■ Directions: For each line below that includes the word "after", make a copy.
*** Opening Supplied records ***
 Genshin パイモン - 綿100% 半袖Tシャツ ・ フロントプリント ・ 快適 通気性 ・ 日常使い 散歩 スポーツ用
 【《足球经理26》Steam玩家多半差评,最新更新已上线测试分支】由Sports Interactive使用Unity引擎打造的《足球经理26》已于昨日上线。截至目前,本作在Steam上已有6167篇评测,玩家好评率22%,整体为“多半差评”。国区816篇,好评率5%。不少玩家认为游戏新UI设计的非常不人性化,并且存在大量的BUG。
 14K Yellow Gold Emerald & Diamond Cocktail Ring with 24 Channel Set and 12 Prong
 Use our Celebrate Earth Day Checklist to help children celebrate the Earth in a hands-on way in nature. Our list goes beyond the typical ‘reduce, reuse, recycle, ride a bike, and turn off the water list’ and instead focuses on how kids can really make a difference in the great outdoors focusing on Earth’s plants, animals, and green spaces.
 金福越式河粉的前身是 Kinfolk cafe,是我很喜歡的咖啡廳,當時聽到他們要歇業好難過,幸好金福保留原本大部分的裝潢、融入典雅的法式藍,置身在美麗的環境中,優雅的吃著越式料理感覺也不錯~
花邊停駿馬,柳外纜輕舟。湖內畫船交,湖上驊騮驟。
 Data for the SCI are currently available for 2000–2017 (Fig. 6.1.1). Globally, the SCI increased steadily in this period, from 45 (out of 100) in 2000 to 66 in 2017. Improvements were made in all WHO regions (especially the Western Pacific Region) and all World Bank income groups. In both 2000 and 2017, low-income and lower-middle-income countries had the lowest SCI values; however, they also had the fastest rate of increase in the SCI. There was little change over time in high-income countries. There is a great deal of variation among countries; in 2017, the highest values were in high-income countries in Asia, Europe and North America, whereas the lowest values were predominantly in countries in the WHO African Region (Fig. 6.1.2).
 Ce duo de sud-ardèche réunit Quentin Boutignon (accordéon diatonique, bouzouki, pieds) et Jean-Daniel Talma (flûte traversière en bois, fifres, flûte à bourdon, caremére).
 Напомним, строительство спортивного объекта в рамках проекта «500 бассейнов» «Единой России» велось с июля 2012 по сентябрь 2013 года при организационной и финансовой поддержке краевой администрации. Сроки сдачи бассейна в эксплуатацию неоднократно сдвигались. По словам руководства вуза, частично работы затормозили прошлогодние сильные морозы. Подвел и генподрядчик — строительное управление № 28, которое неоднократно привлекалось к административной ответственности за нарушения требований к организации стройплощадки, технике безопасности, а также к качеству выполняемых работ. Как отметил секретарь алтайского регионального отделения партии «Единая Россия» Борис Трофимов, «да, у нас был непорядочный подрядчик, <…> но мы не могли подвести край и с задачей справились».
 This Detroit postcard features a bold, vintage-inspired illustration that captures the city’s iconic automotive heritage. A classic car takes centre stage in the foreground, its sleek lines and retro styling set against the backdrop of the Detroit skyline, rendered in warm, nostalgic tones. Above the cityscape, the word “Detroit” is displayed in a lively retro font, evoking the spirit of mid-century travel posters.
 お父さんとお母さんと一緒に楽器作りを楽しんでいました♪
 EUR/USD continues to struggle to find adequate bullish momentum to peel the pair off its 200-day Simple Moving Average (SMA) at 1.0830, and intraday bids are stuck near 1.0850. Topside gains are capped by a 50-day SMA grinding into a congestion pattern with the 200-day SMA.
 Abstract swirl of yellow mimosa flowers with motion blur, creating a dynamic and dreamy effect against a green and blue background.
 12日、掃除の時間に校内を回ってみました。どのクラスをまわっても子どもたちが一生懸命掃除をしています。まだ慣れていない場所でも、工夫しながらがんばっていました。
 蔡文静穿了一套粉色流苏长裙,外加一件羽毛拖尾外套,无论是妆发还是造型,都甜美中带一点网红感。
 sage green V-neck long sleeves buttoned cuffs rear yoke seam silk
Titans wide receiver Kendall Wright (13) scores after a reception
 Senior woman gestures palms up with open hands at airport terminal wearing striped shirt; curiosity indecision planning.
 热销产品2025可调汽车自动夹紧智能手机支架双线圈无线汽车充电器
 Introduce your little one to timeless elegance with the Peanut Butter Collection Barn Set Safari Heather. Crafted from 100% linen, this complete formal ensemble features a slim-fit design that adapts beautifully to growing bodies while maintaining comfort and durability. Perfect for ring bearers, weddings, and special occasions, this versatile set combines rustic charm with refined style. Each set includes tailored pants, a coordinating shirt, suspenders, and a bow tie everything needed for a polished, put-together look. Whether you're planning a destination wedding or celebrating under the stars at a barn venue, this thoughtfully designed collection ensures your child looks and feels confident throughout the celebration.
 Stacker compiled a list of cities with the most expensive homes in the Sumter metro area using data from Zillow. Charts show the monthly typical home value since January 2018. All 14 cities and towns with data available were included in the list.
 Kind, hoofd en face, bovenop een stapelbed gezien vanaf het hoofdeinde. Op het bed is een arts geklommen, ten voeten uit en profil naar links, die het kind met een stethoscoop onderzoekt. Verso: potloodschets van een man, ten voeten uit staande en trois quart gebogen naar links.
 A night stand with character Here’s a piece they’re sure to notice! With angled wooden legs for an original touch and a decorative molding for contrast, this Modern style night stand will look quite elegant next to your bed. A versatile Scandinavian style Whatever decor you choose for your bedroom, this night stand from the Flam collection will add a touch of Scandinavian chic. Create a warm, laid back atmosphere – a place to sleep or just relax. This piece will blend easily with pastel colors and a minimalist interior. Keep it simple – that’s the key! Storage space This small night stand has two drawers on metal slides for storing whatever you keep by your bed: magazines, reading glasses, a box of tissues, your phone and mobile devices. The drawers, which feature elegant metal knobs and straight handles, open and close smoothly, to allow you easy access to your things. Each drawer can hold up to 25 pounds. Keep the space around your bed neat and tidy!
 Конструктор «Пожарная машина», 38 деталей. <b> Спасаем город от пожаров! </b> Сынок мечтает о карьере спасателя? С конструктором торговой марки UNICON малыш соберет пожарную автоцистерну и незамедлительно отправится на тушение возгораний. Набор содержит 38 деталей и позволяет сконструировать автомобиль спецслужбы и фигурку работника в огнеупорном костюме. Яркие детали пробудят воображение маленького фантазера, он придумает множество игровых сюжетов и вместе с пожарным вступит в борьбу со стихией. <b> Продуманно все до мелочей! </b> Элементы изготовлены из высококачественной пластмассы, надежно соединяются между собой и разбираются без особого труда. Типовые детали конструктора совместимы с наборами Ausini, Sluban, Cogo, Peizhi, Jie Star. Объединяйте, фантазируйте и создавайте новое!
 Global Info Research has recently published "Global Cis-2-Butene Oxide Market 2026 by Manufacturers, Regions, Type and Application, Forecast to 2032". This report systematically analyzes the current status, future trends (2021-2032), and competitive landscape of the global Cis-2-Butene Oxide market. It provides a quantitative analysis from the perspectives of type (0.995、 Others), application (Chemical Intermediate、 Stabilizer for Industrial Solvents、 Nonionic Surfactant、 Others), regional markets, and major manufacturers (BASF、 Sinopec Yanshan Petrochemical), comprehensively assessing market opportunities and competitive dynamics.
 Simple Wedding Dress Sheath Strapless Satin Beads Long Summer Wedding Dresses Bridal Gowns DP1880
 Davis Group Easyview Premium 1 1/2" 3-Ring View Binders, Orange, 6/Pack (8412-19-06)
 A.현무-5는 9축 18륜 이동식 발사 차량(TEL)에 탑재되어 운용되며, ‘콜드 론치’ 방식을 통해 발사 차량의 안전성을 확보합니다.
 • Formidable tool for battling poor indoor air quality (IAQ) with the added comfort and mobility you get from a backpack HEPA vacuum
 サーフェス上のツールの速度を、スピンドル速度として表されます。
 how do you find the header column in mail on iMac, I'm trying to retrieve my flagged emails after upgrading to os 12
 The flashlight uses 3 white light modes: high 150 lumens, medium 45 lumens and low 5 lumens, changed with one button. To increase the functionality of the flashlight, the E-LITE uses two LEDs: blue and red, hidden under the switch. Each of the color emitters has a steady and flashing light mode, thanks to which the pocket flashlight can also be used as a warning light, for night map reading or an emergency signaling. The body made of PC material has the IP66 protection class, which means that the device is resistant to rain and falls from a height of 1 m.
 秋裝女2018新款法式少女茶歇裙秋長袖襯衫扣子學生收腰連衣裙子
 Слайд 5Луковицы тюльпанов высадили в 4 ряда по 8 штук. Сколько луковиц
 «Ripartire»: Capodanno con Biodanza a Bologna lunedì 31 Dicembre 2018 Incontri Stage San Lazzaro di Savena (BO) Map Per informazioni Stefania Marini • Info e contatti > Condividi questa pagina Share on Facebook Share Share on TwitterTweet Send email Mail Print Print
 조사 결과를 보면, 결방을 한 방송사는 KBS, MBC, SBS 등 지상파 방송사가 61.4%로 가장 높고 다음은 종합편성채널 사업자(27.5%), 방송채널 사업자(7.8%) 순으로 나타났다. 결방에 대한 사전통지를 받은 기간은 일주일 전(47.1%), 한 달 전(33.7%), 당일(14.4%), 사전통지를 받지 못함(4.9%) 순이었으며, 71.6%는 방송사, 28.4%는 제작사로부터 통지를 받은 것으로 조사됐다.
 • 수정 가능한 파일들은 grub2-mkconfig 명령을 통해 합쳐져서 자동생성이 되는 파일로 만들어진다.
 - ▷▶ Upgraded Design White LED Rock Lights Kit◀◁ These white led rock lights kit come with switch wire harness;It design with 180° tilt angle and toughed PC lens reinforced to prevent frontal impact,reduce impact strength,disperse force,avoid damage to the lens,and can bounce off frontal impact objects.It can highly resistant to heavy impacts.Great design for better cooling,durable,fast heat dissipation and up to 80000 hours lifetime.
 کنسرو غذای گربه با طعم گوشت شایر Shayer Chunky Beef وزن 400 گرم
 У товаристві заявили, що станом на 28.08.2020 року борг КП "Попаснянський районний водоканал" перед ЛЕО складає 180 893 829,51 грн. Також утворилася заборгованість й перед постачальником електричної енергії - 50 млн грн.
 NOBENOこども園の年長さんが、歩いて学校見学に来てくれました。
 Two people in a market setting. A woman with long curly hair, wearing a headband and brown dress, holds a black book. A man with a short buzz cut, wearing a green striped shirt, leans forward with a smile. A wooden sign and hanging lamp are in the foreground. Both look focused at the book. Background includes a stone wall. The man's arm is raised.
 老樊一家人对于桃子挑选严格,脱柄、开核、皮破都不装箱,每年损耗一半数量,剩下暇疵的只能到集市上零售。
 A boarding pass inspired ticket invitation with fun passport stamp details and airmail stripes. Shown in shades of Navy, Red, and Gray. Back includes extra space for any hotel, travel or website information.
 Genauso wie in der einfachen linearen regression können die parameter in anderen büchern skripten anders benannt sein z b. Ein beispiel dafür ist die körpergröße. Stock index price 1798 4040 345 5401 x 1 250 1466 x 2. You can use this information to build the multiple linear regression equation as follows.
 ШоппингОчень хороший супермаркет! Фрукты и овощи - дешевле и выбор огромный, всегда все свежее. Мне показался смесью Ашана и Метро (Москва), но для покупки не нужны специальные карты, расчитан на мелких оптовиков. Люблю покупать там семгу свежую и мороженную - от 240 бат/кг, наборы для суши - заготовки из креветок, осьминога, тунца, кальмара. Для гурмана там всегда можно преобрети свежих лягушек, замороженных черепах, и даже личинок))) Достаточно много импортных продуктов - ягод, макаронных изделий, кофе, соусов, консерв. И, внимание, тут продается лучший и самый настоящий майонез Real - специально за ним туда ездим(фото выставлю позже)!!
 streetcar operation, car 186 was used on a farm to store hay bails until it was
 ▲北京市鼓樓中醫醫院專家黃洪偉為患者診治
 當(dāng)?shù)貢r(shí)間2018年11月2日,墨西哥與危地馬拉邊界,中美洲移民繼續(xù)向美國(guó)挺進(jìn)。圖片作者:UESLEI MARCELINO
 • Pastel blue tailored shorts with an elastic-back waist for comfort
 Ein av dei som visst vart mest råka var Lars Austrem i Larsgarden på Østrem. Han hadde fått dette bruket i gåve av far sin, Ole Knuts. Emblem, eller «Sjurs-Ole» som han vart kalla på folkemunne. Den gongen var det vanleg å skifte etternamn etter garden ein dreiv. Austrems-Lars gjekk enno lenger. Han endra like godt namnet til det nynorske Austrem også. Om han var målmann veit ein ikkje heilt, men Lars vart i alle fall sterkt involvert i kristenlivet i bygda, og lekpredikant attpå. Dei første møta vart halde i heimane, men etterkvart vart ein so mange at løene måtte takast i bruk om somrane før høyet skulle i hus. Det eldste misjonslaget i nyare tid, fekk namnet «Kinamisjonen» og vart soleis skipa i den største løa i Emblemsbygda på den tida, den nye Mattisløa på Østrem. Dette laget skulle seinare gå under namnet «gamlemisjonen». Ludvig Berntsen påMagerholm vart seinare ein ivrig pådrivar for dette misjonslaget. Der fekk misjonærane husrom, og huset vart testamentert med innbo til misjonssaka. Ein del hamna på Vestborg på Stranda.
*** Closing Supplied records ***
■ Task output:
Titans wide receiver Kendall Wright (13) scores after a reception
 how do you find the header column in mail on iMac, I'm trying to retrieve my flagged emails after upgrading to os 12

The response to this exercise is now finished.